*** Material provided ***

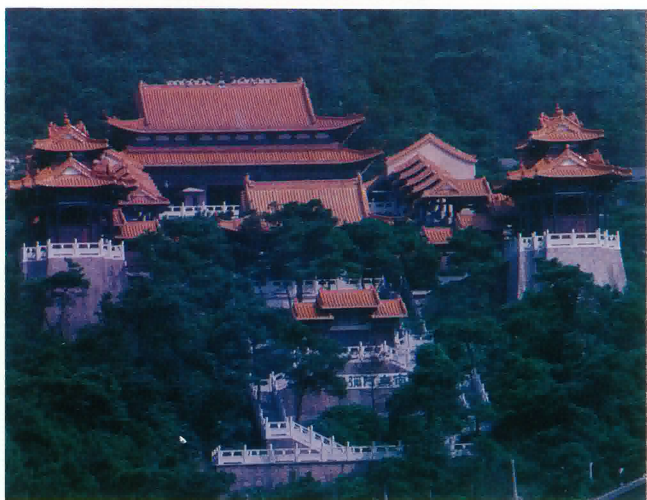
鶴山市大雁山新建海會寺全貌。
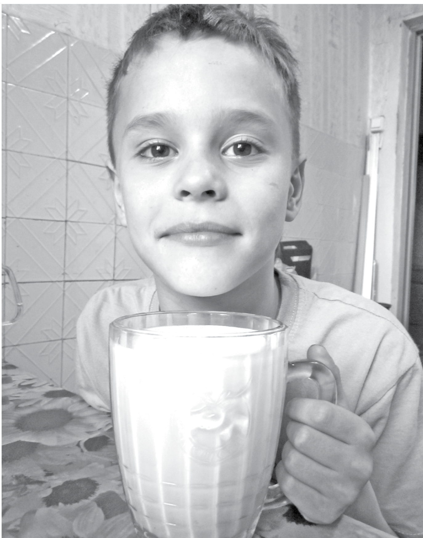
Местное молоко с бабушкиного подворья.

Как помочь местному производителю выйти на местный рынок?
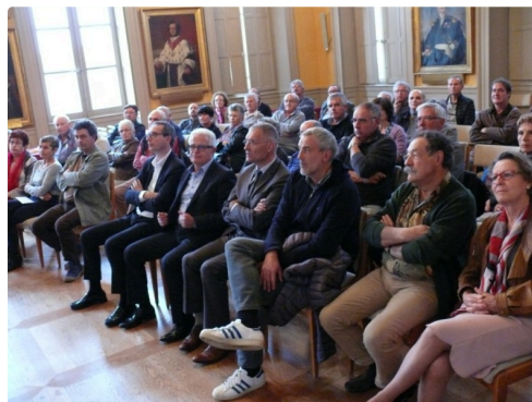
De nombreux membres d'associations de randonneurs étaient présents.
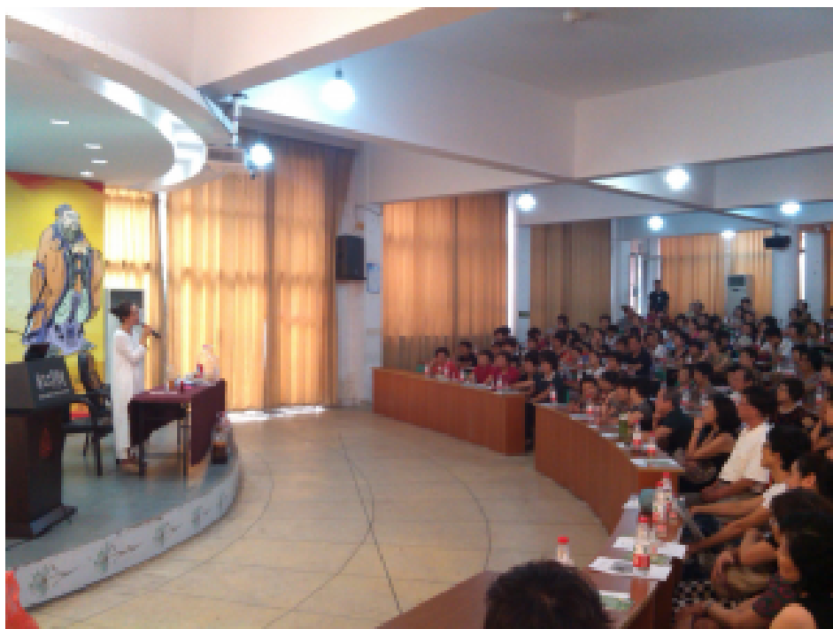
阿旺姐第二次来做公益演讲
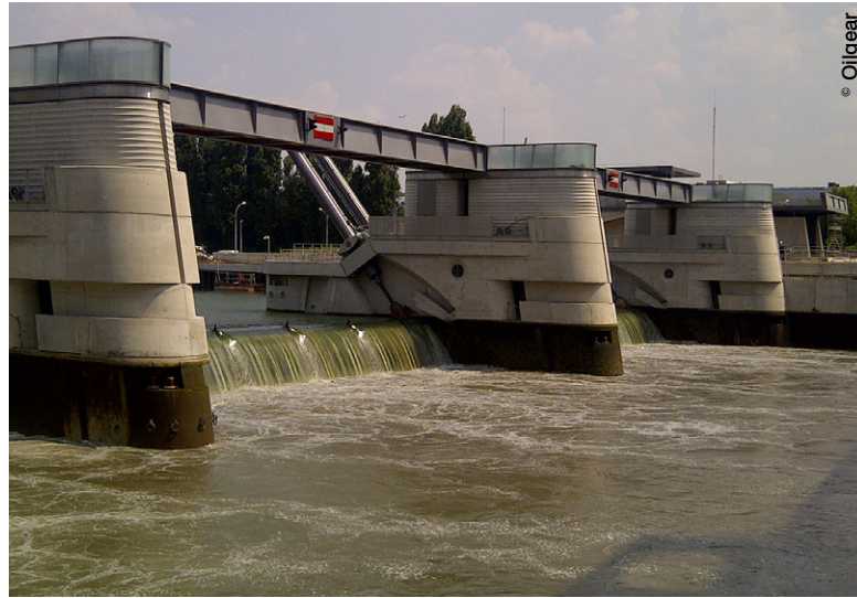
Une autre réalisation commune Oilgear/Douce Hydro : la motorisation hydraulique du barrage de Chatou (Yvelines).
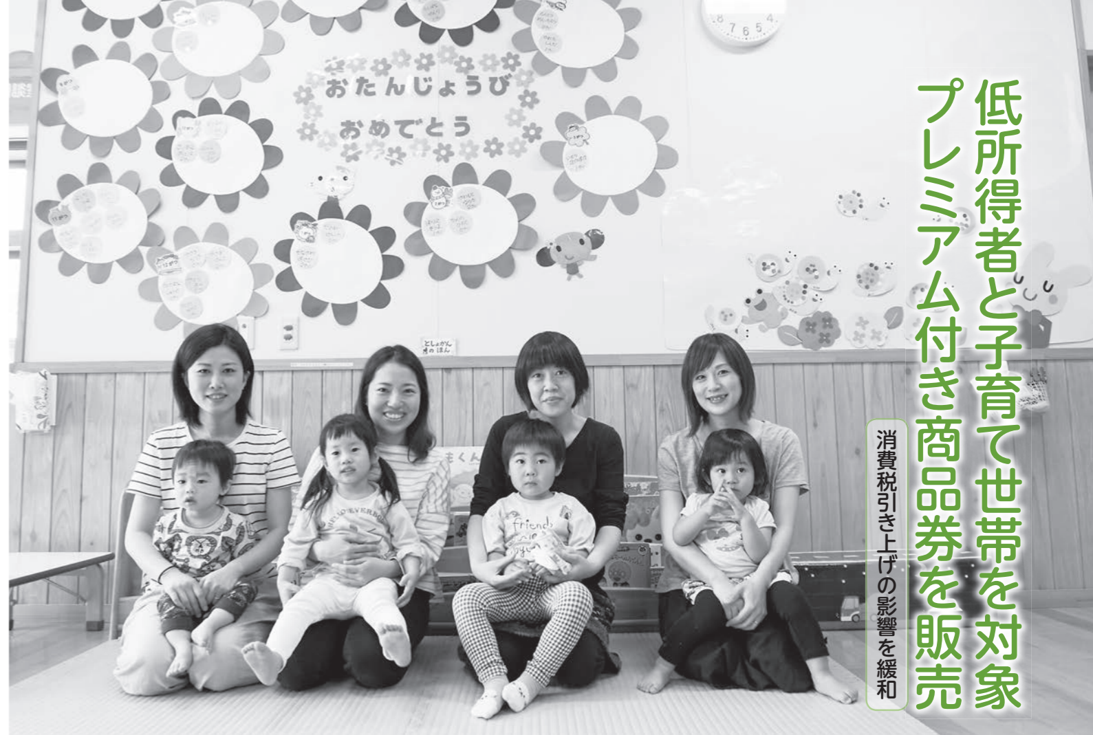
消費税引き上げの影響を緩和
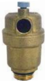
VENTOSA PURGADOR AIRE BR

***

Above are the records. Copy only the lines from the one with "Местное молоко с бабушкиного подворья." through the one with "Une autre réalisation", exactly, with no pictures.

Worked solution:
Местное молоко с бабушкиного подворья.

Как помочь местному производителю выйти на местный рынок?
De nombreux membres d'associations de randonneurs étaient présents.
阿旺姐第二次来做公益演讲
Une autre réalisation commune Oilgear/Douce Hydro : la motorisation hydraulique du barrage de Chatou (Yvelines).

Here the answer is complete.